-- Records provided follows --
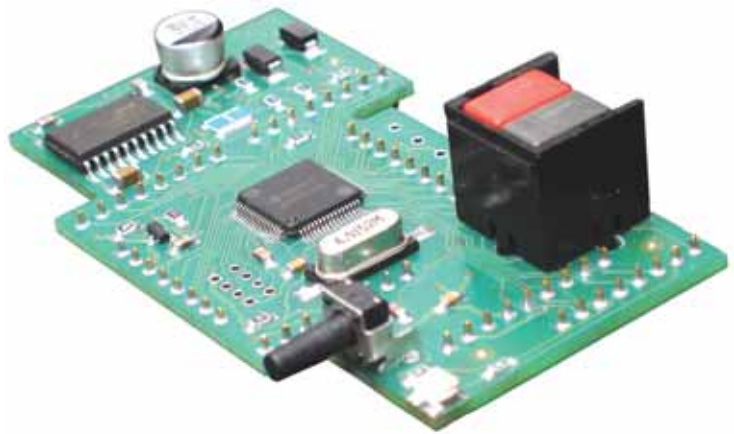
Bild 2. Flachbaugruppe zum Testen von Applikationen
-- Records provided concluded --
-- Records provided follows --
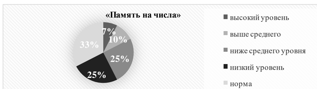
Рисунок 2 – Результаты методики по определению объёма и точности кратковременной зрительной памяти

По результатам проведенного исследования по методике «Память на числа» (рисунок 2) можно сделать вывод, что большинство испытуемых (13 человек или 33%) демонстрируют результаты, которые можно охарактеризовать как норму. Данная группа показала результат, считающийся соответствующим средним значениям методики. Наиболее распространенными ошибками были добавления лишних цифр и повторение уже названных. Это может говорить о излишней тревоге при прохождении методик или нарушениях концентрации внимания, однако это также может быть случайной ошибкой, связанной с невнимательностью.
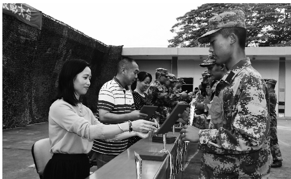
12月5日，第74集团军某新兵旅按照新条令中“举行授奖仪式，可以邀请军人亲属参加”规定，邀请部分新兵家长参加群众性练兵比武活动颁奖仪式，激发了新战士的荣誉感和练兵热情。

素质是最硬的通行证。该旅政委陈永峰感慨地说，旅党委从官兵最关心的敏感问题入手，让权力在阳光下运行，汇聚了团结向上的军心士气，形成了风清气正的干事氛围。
-- Records provided concluded --
-- Records provided follows --
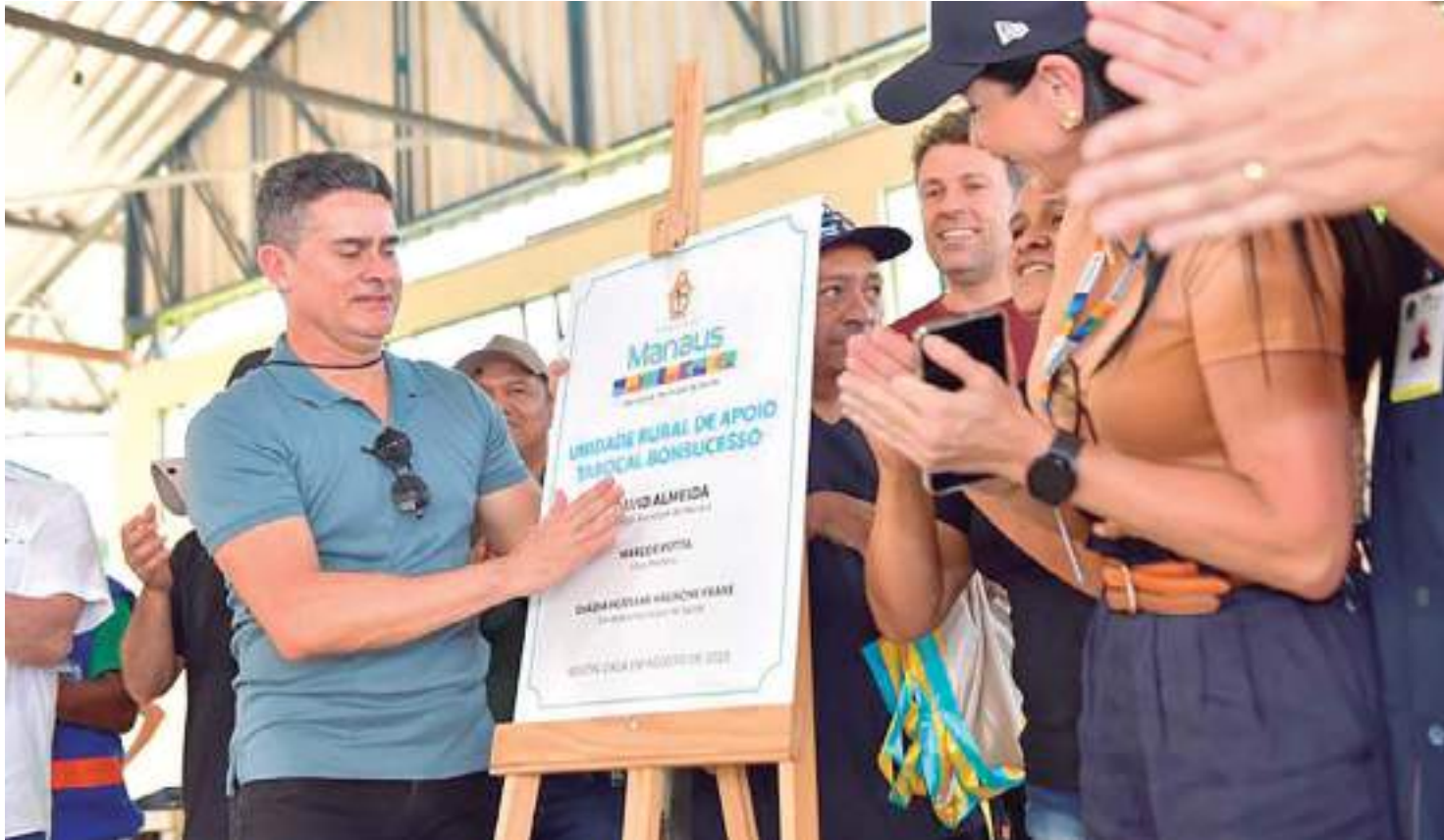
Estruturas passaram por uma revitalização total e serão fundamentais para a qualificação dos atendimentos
-- Records provided concluded --
_Directions for this task_
Please, from the entries above, set down exactly the lines from the one containing "12月5日，第74集团军某新" through the one containing "素质是最硬的通行证。该旅政委", and only those.

_Solution to this task_
12月5日，第74集团军某新兵旅按照新条令中“举行授奖仪式，可以邀请军人亲属参加”规定，邀请部分新兵家长参加群众性练兵比武活动颁奖仪式，激发了新战士的荣誉感和练兵热情。

素质是最硬的通行证。该旅政委陈永峰感慨地说，旅党委从官兵最关心的敏感问题入手，让权力在阳光下运行，汇聚了团结向上的军心士气，形成了风清气正的干事氛围。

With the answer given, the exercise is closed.